@silupanda/context-budget

v0.3.3

Published

2 months ago

Token budget allocator for LLM context windows

0High
0Medium
0Low

context-budget

Token budget allocator for LLM context windows. Define sections of your prompt -- system, tools, memory, RAG, conversation -- assign flexbox-style grow/shrink factors, and let the allocator distribute your available token budget while respecting minimum/maximum constraints and priority-based triage.

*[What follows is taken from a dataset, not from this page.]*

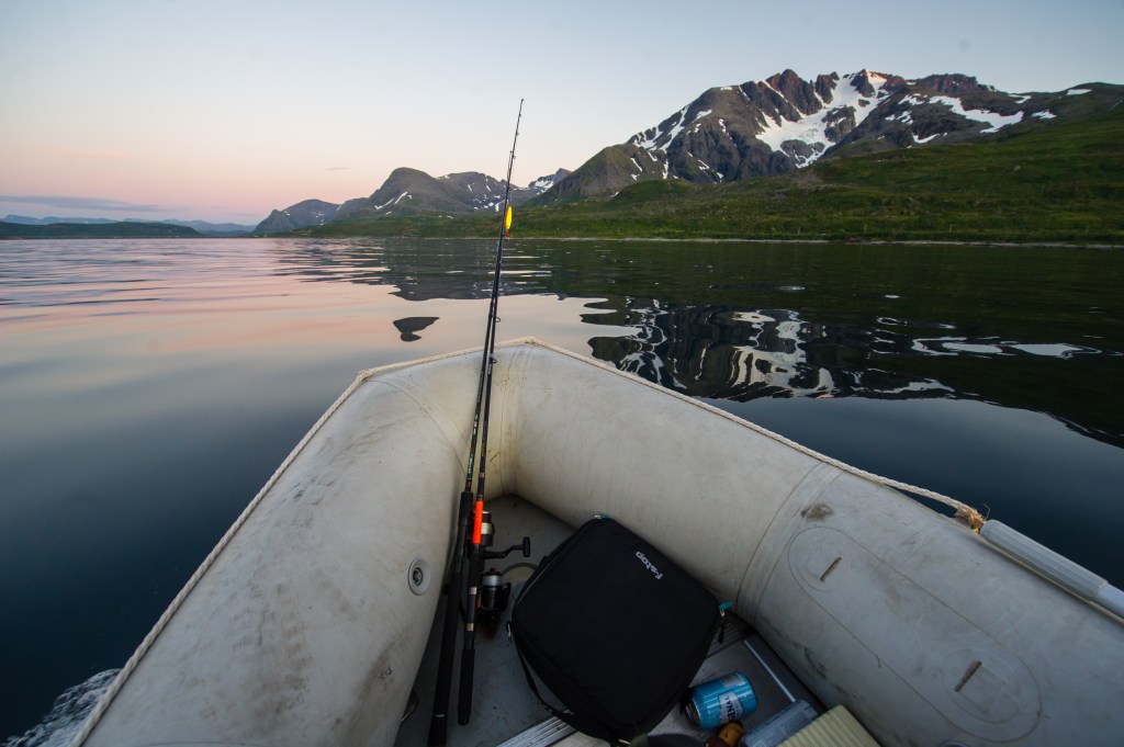Perillä Kågenilla kyhättiin leiri pystyyn, täytettiin vene ja lähettiin illansuussa merelle kokeilemaan kalastusta laskuvedestä huolimatta.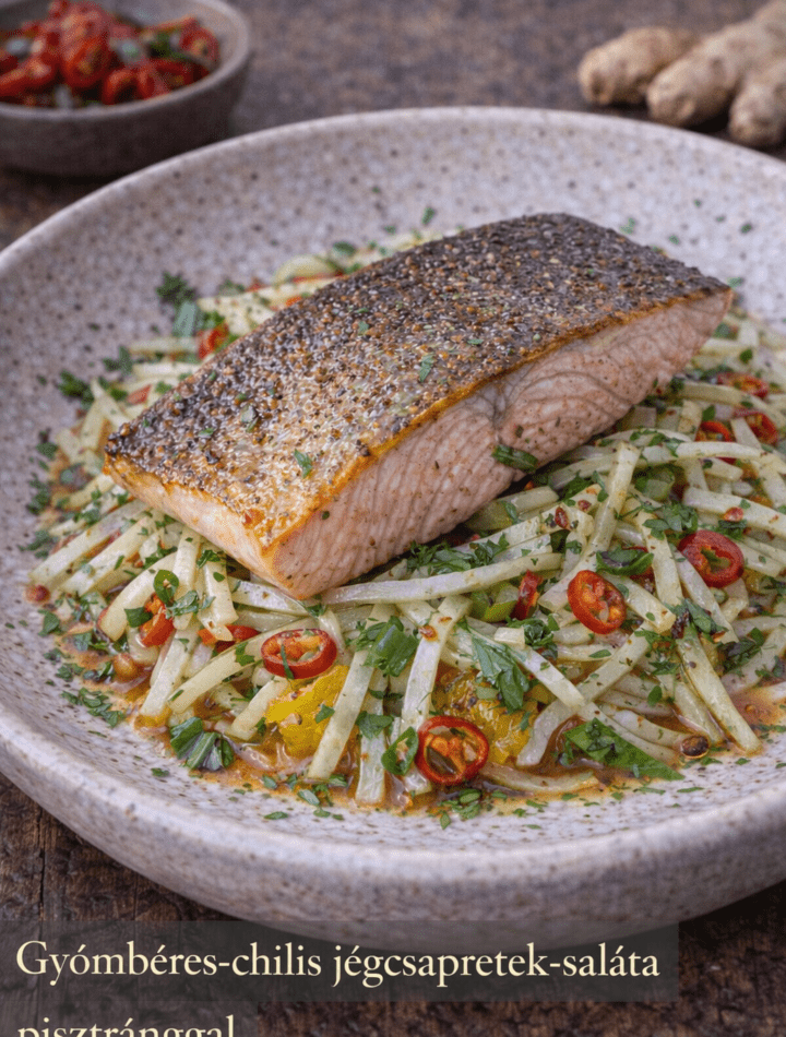 Gyömbéres-chilis jégcsapretek-saláta pisztránggal

When building LLM applications with multiple context sections -- system prompts, tool definitions, retrieved documents, conversation history, the current user message -- you need to decide how many tokens each section gets. Static allocations waste tokens on short sections and overflow on long ones. context-budget replaces manual allocation with a declarative system inspired by CSS flexbox. Each section declares its basis size, grow/shrink factors, and min/max bounds. The allocator computes optimal per-section budgets given the actual content, automatically redistributing unused tokens to sections that need them. Zero runtime dependencies.

Installation

npm install context-budget

Quick Start

import { createBudget } from 'context-budget';

// Create a budget using a known model name and a preset
const budget = createBudget({
  model: 'gpt-4o',
  outputReservation: 4096,
  preset: 'chatbot', // system + conversation + currentMessage
});

// Allocate token budgets across sections
const allocation = budget.allocate();
// allocation.availableBudget  => 123904 (128000 - 4096)
// allocation.sections         => per-section allocations

// Fit actual content into the budget (truncates if necessary)
const fitted = budget.fit({
  system: 'You are a helpful assistant.',
  conversation: 'Long conversation history...',
  currentMessage: 'What is the weather today?',
});
// fitted.sections[0].truncated => false
// fitted.totalTokens           => sum of all section token counts

// Get a utilization report
const report = budget.report({
  system: 'You are a helpful assistant.',
  conversation: 'Long conversation history...',
  currentMessage: 'What is the weather today?',
});
// report.utilizationPct => percentage of budget used

You can also specify the context window directly and define custom sections:

const budget = createBudget({
  contextWindow: 128000,
  outputReservation: 4096,
  sections: {
    system: { basis: 'auto', priority: 100 },
    rag: { basis: '20%', grow: 2, shrink: 1 },
    conversation: { grow: 1, shrink: 1, min: 2000, truncation: 'messages' },
    currentMessage: { basis: 'auto', priority: 100 },
  },
});

Features

Flexbox-inspired allocation algorithm with basis, grow, shrink, min, max, and priority per section
Built-in presets for common layouts: chatbot, RAG, agent, and full
Model registry with 25+ models from OpenAI, Anthropic, Google, and Meta
Runtime model registration for custom or fine-tuned models
Percentage-based and absolute token basis values
Content fitting with automatic word-boundary truncation
Utilization reporting with per-section breakdowns
Pluggable token counter (built-in approximate counter: Math.ceil(text.length / 4))
Four overflow strategies: truncate, error, warn, summarize
Four truncation strategies: head, tail, middle-out, messages
Full TypeScript support with strict types for all inputs and outputs
Zero runtime dependencies

API Reference

`createBudget(config: BudgetConfig): ContextBudget`

Creates and validates a new budget allocator. Returns a ContextBudget instance with allocate, fit, and report methods.

Parameters:

| Parameter | Type | Description | |---|---|---| | config | BudgetConfig | Budget configuration object (see Configuration section). |

Returns: ContextBudget -- an object with config, allocate(), fit(), and report() methods.

Throws:

BudgetConfigError -- if the configuration is invalid. All validation errors are collected into a single throw with a validationErrors: string[] property.
UnknownModelError -- if the model string does not match any known or registered model.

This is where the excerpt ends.